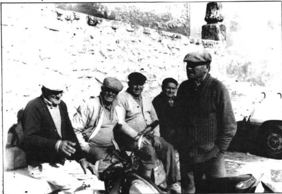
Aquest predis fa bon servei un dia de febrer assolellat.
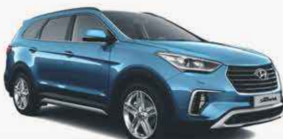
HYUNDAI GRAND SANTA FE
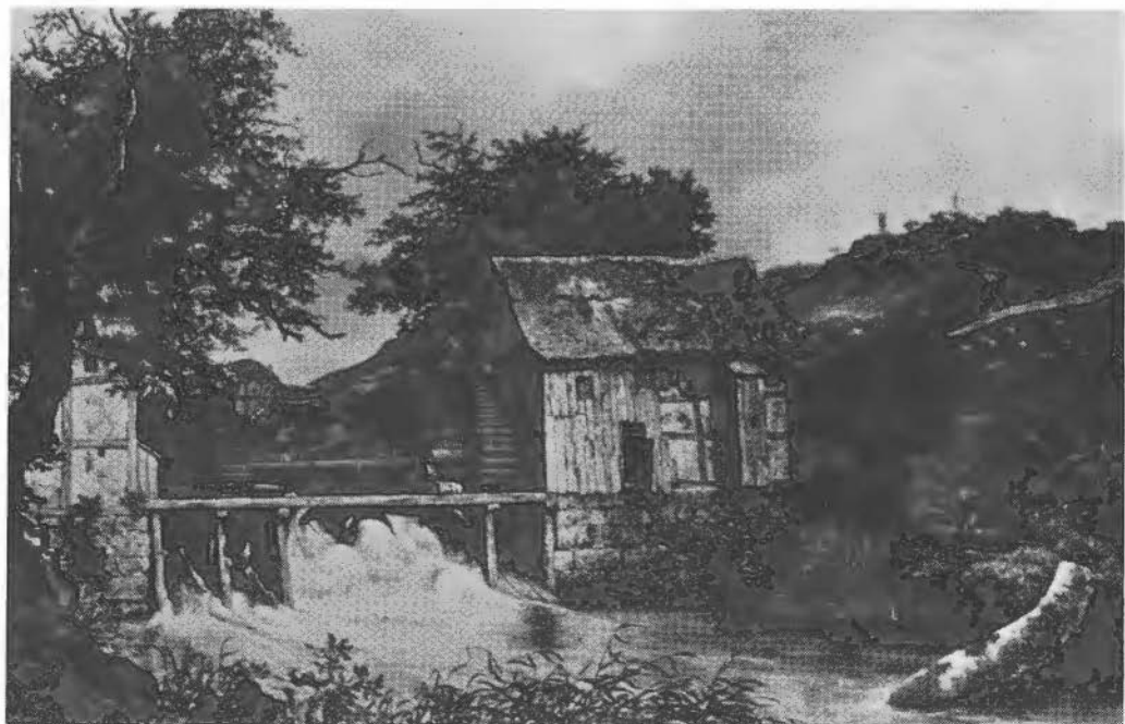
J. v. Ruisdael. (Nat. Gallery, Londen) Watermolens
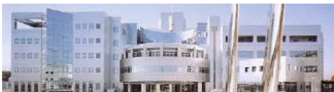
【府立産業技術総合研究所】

########

# [WORK TO COMPLETE]
Across the whole listing above, repeat each line exactly and leave out the images.

# [COMPLETED TASK]
Aquest predis fa bon servei un dia de febrer assolellat.
HYUNDAI GRAND SANTA FE
J. v. Ruisdael. (Nat. Gallery, Londen) Watermolens
【府立産業技術総合研究所】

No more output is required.